-------- Data section

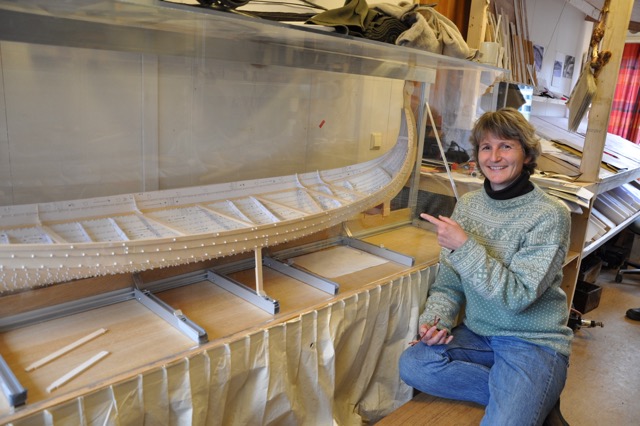 Vibeke Bischoff med modellen av Osebergskipet, laget etter nøyaktige oppmålinger og justert for feil gjort under…
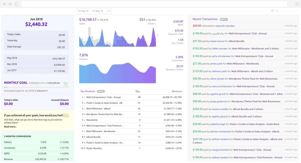 - แดชบอร์ดที่ครอบคลุม: Putler มี 9 แดชบอร์ด แดชบอร์ดเหล่านี้ได้แก่ แดชบอร์ดหลัก แดชบอร์ดการขาย แดชบอร์ดลูกค้า แดชบอร์ดธุรกรรม แดชบอร์ดกลุ่มเป้าหมาย แดชบอร์ดข้อมูลเชิงลึก แดชบอร์ดผลิตภัณฑ์ และแดชบอร์ดการสมัครใช้งาน
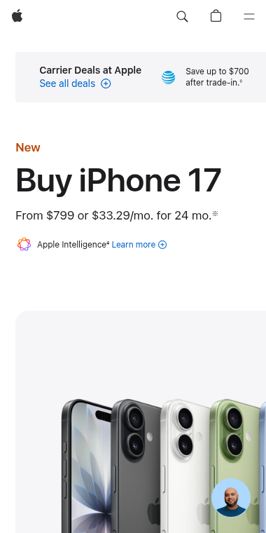 GET $40 - $700 OFF A NEW IPHONE 17 WHEN YOU TRADE IN AN IPHONE 8 OR NEWER. 0% FINANCING AVAILABLE. BUY NOW WITH FREE SHIPPING. for Major iPhone retailers at apple.com
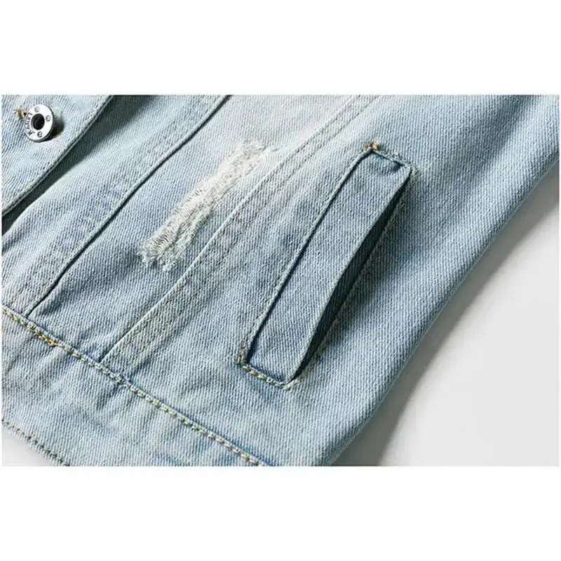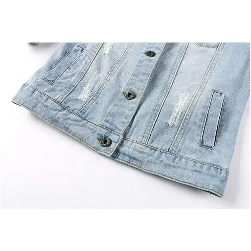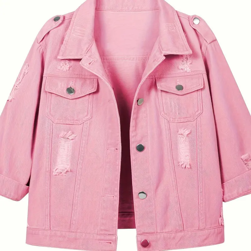 Hixiaohe Women's Spring Autumn 3/4 Sleeve Retro Short Denim Jackets Women's Jean Jacket Washed Button Up Cropped Denim Jacket With Pockets Great for casual, daily wear, lounge, work, parties in spring, summer, autumn. Array Women's 3/4 Sleeve Distress Slim Crop Denim Jean Trucker Jacket Detailed Pictures Display for Women's Denim Jackets Cropped Denim Jacket for Women
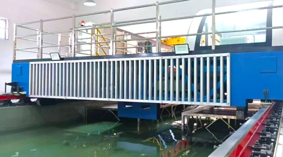 中山大學“拖曳水池建造” 項目包含了拖曳水池拖車、軌道系統(tǒng)、造消波系統(tǒng)、造風系統(tǒng)等關鍵試驗設備。拖車實現從0.02米/秒到8米/秒的高精度、高速比調速,滿足拖曳水池流速儀標定和船舶試驗的雙重需求;造風系統(tǒng)實現了風譜模擬能力。
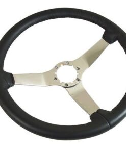 Nieuw reproductie gepolsterd Corvette stuur uit 1977-1979 met gesatineerde spaken als origineel. Correcte leerkleuren, dikke originele vulling en correcte stiksels. Geef kleur op bij bestelling. Geen kern nodig!
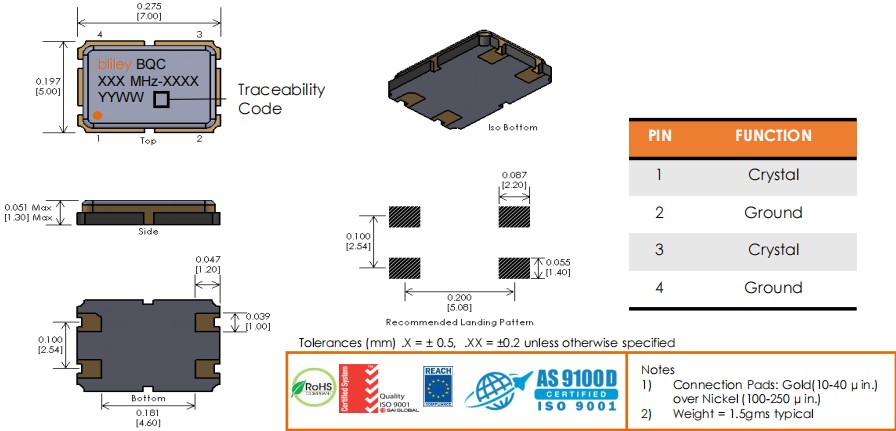 BQCSA-75MF-DCDGT,75MHz,7050mm,Bliley百利晶振,BQCSA,石英貼片晶振,尺寸圖
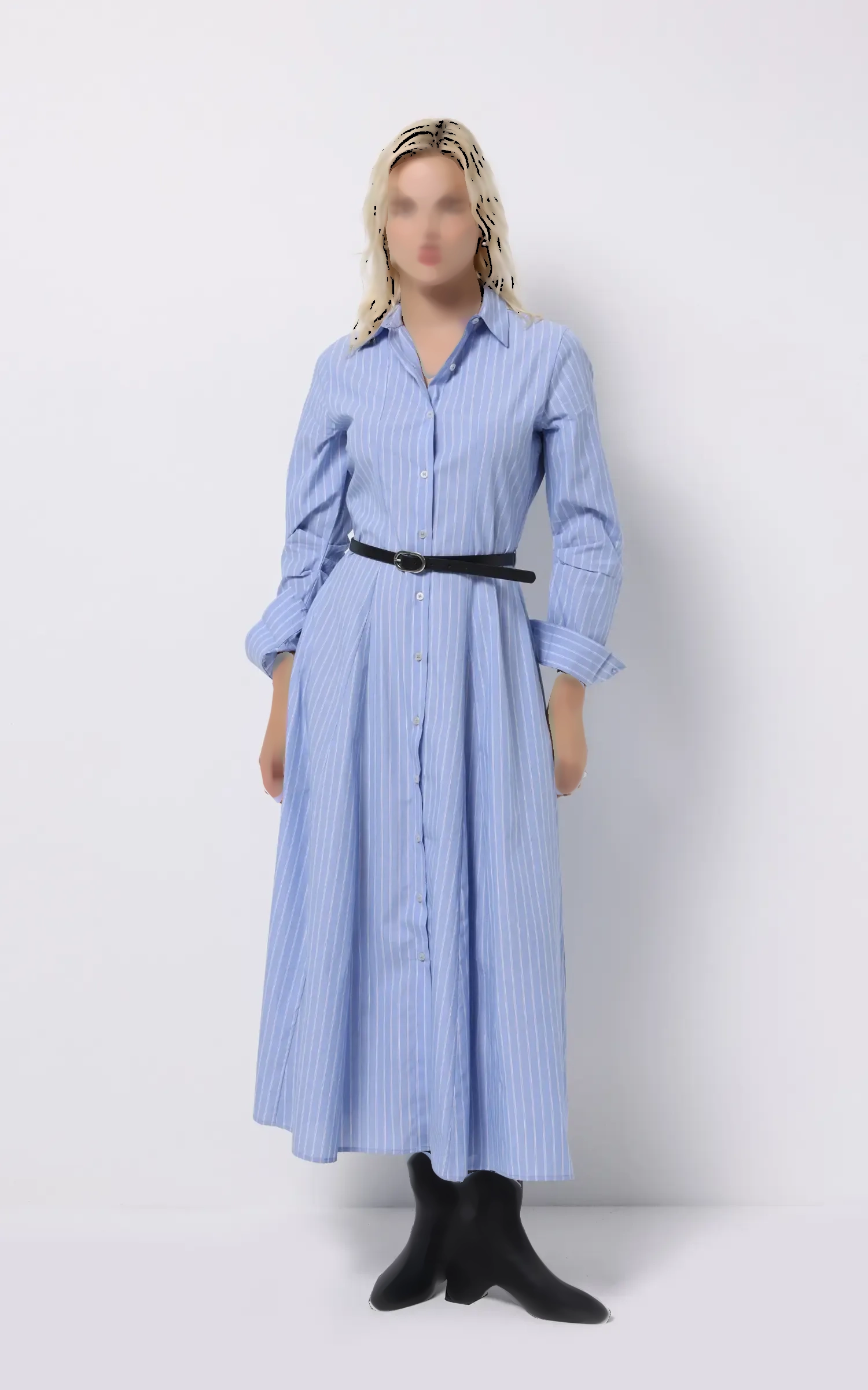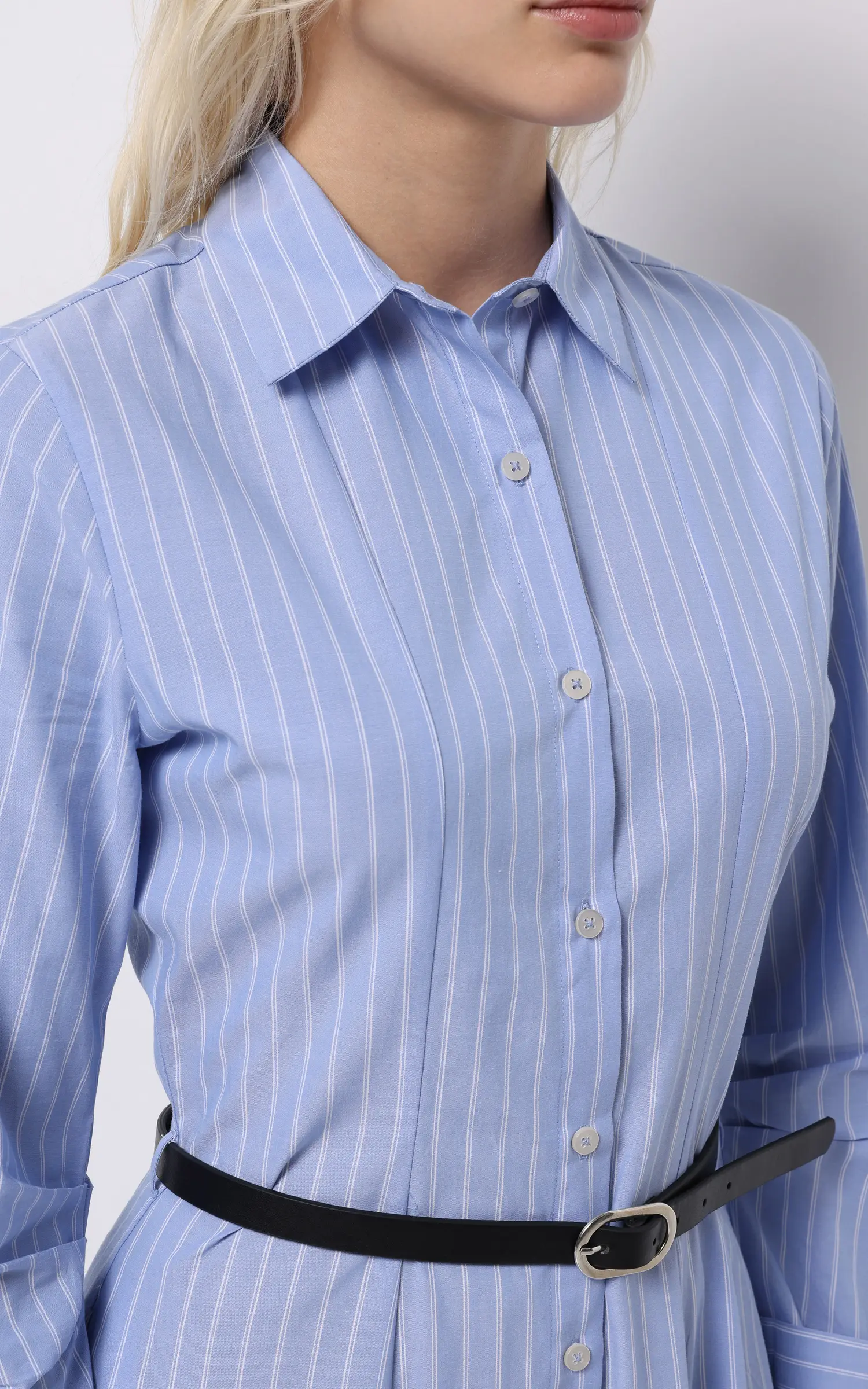 پیراهن شومیزی زنانه آبی با طرح راهراه عمودی برند کلینز کد CL1075584
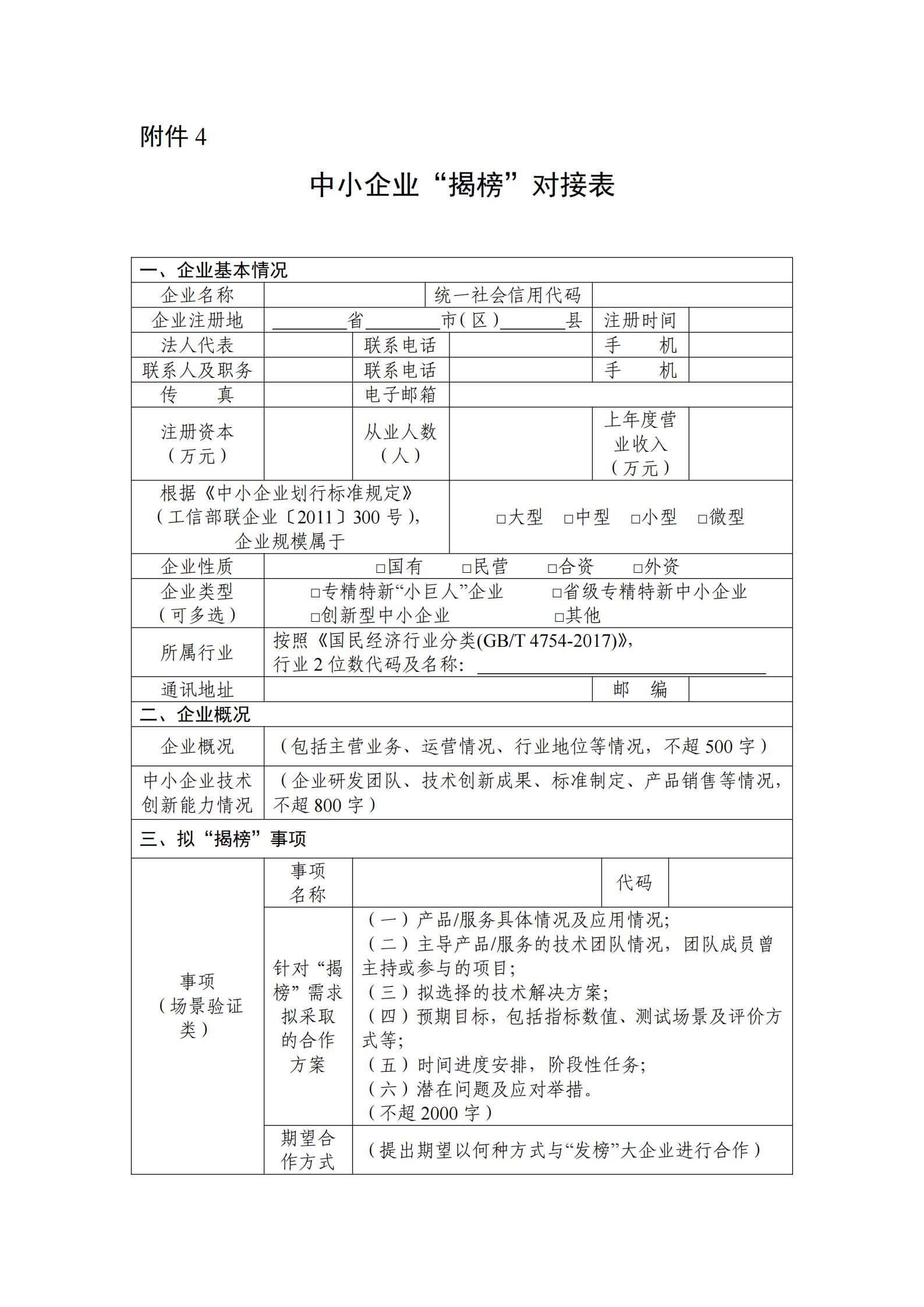 (三)注重工作協同。省級中小企業主管部門要以開展“揭榜”“發榜”工作為契機,與“百場萬企”融通對接、“一月一鏈”融資促進、“一起益企”、“中小企業服務月”等活動相互協同,通過線上線下相結合的方式豐富對接形式,提升對接效率,推動大中小企業融通創新工作進一步提質擴面,構建大中小企業相互依存、相互促進的融通創新生態。
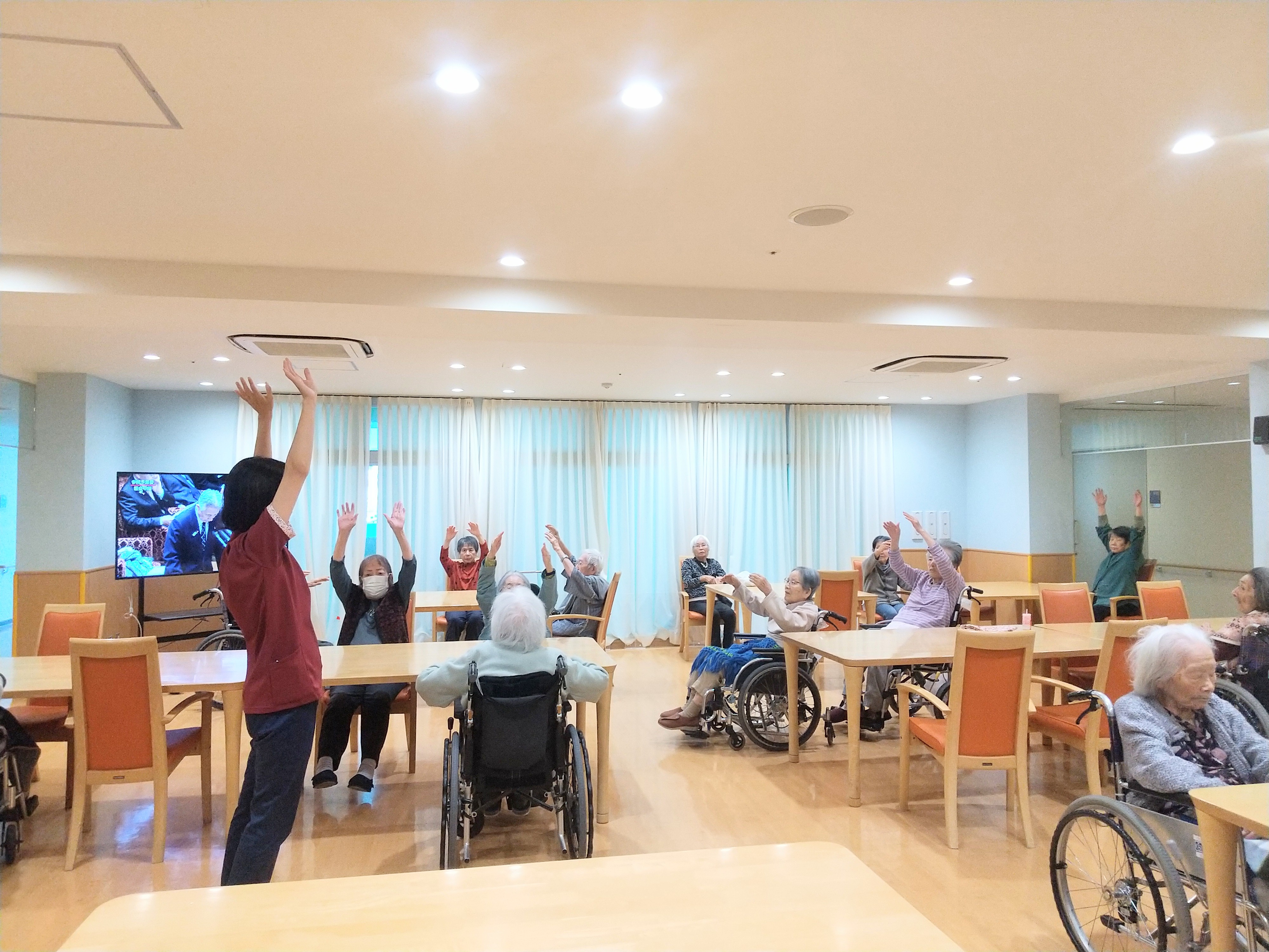 昼食前にデイルームで
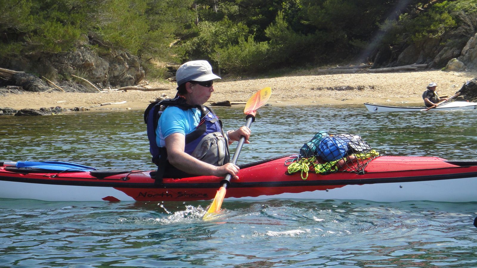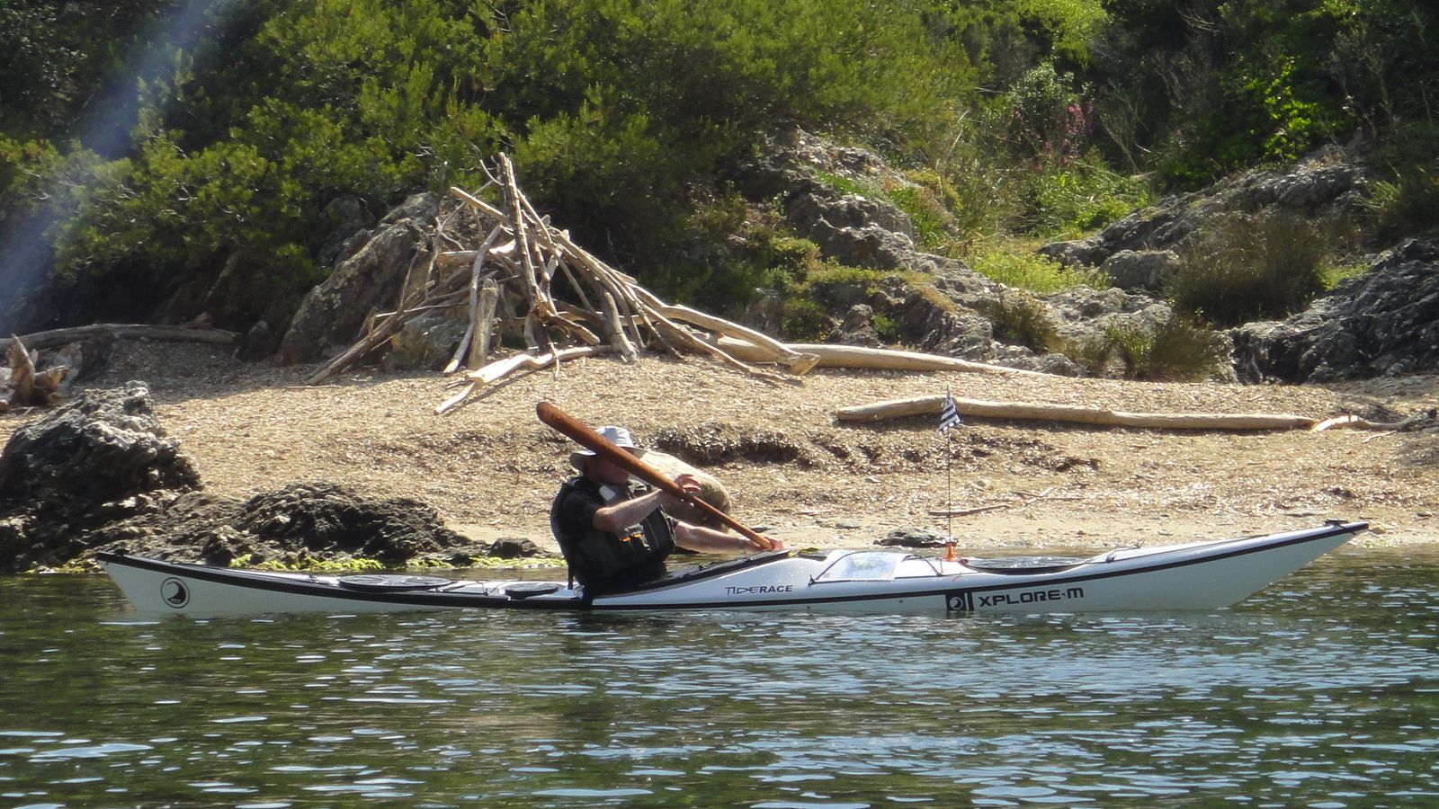 Jean-Yves tente une expérience de pagayage avec une perche de bambou.

----------------

A verbatim copy of every record is required, with all pictures excluded.

 Vibeke Bischoff med modellen av Osebergskipet, laget etter nøyaktige oppmålinger og justert for feil gjort under…
 - แดชบอร์ดที่ครอบคลุม: Putler มี 9 แดชบอร์ด แดชบอร์ดเหล่านี้ได้แก่ แดชบอร์ดหลัก แดชบอร์ดการขาย แดชบอร์ดลูกค้า แดชบอร์ดธุรกรรม แดชบอร์ดกลุ่มเป้าหมาย แดชบอร์ดข้อมูลเชิงลึก แดชบอร์ดผลิตภัณฑ์ และแดชบอร์ดการสมัครใช้งาน
 GET $40 - $700 OFF A NEW IPHONE 17 WHEN YOU TRADE IN AN IPHONE 8 OR NEWER. 0% FINANCING AVAILABLE. BUY NOW WITH FREE SHIPPING. for Major iPhone retailers at apple.com
 Hixiaohe Women's Spring Autumn 3/4 Sleeve Retro Short Denim Jackets Women's Jean Jacket Washed Button Up Cropped Denim Jacket With Pockets Great for casual, daily wear, lounge, work, parties in spring, summer, autumn. Array Women's 3/4 Sleeve Distress Slim Crop Denim Jean Trucker Jacket Detailed Pictures Display for Women's Denim Jackets Cropped Denim Jacket for Women
 中山大學“拖曳水池建造” 項目包含了拖曳水池拖車、軌道系統(tǒng)、造消波系統(tǒng)、造風系統(tǒng)等關鍵試驗設備。拖車實現從0.02米/秒到8米/秒的高精度、高速比調速,滿足拖曳水池流速儀標定和船舶試驗的雙重需求;造風系統(tǒng)實現了風譜模擬能力。
 Nieuw reproductie gepolsterd Corvette stuur uit 1977-1979 met gesatineerde spaken als origineel. Correcte leerkleuren, dikke originele vulling en correcte stiksels. Geef kleur op bij bestelling. Geen kern nodig!
 BQCSA-75MF-DCDGT,75MHz,7050mm,Bliley百利晶振,BQCSA,石英貼片晶振,尺寸圖
 پیراهن شومیزی زنانه آبی با طرح راهراه عمودی برند کلینز کد CL1075584
 (三)注重工作協同。省級中小企業主管部門要以開展“揭榜”“發榜”工作為契機,與“百場萬企”融通對接、“一月一鏈”融資促進、“一起益企”、“中小企業服務月”等活動相互協同,通過線上線下相結合的方式豐富對接形式,提升對接效率,推動大中小企業融通創新工作進一步提質擴面,構建大中小企業相互依存、相互促進的融通創新生態。
 昼食前にデイルームで
 Jean-Yves tente une expérience de pagayage avec une perche de bambou.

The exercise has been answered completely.